Magicpantssays...It's not an apples to apples competition. The bot is cheating because it has perfect knowledge; it can look bounding spheres and exact positions, maybe even knows the enemy cooldowns, etc. Basically it's using an aimbot that can always react faster than a human.
What they need to do is require the bot use vision, either only give it access to the frame buffer, or better yet require it to use a camera pointed at the screen. (some day I'd require it to use a mouse and keyboard)
greatgooglymooglysays...It would be interesting if you slowed the game down 10x, to see if the humans would regain the advantage.
Jinxsays...Dunno if I'd call that cheating. I noticed in the showmatch it seemed to adjust its creep block without any vision of Dendi's, but I think they said since that the bot doesn't know what it doesn't have vision of. I mean, I agree it has a massive advantage due to a sort of almost latency free interface with the game while us humans have to do all sorts of shit before we can even begin to make a decision, but then nothing about this competition is equal. You might just as well say it is cheating because it was able to play more Dota 2 in two weeks than any human could in their lifetime...
It's not an apples to apples competition. The bot is cheating because it has perfect knowledge; it can look bounding spheres and exact positions, maybe even knows the enemy cooldowns, etc. Basically it's using an aimbot that can always react faster than a human.

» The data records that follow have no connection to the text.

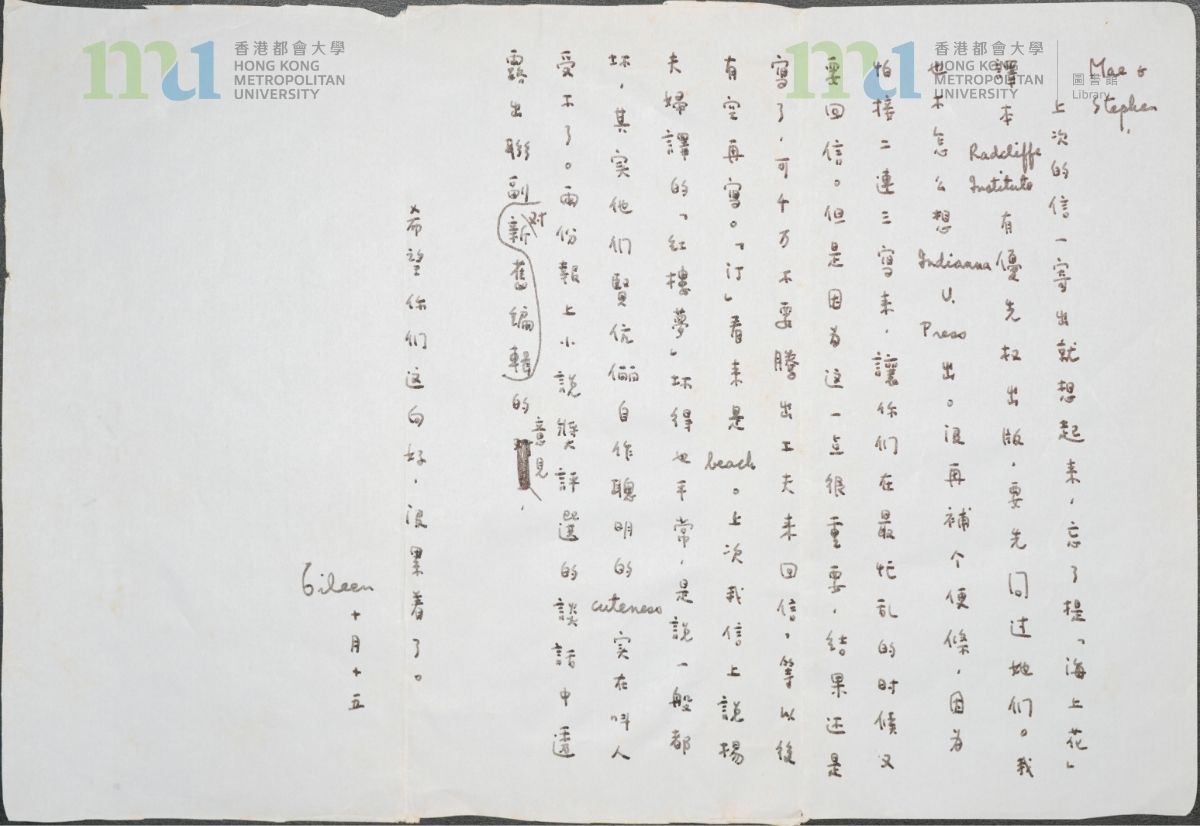 Part of: 10 - 張愛玲致宋鄺文美及宋淇信件 (1979年10月15日) = Letter from Eileen Chang to Mae Fong Soong and Stephen Soong (15 October 1979) (2 objects)
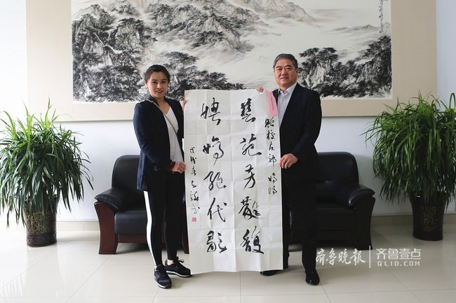 仪式前,马东骅、王力克、孔祥华亲切会见了郭婷婷一行,马东骅还挥毫赠郭婷婷精美书法作品一副:“艺苑芳蕤馥,娉婷绝代歌”,表达了学校的感谢之情。
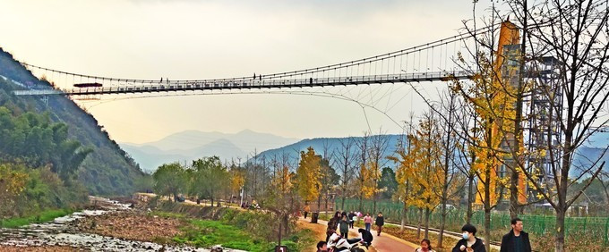 抬头是一条长长的玻璃栈道,可能是票价较贵的原因,上去走的人不多。
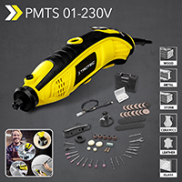 Chiar și atât de mică cât este ea, această unealtă poate practic totul: nu aveți nevoie decât de o unealtă care face scula multifuncțională PMTS 01-230V să lucreze în lemn, metal, bijuterii, mase plastice, piele, ceramică și sticlă. Fie că faceți lucrări filigrane și artistice sau de precizie la modelări în lemn, metal și aluminiu, la lustruirea și debavurarea marginilor sa pentru mici lucrări de înfrumusețare – scula multifuncțională și compactă și numărul de 85 de accesorii din furnitură oferă un număr foarte larg de posibilități.
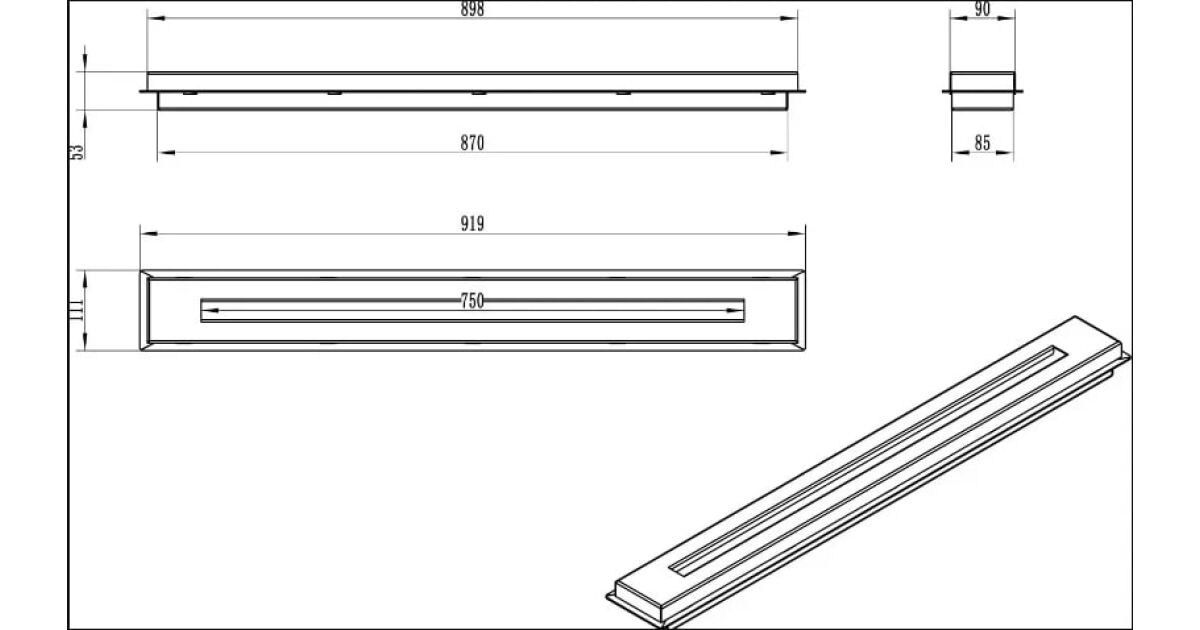 Bioethanolbrenner / Bioethanolkamin Linear INSERT 900 x 110 x 53 mm, Einbau, aus Edelstahl, mit weißen Kieselsteinen, Trichter und Aromaschale! Beschreibung

What they need to do is require the bot use vision, either only give it access to the frame buffer, or better yet require it to use a camera pointed at the screen. (some day I'd require it to use a mouse and keyboard)
dannym3141says...Does anyone remember the early days of bots in FPS games? I'm not impressed by the bot winning because of those early FPS bots.
Walk round a corner with an old fashioned Quake 1 bot? BAM you're dead as soon as a pixel of your head appears (headshots existed in QTF); you probably won't even see the bot because of your refresh rate.
The learning is incredibly impressive, but as someone said earlier the impressive thing would be filling in as a player in a 5v5, or maybe a team of them. I'd always expect a bot to win a duel of reactions unless they are programmed to miss. The bot makes its decisions and performs them instantly, so if you make better decisions than it, they still must be better enough that you can beat that huge speed advantage.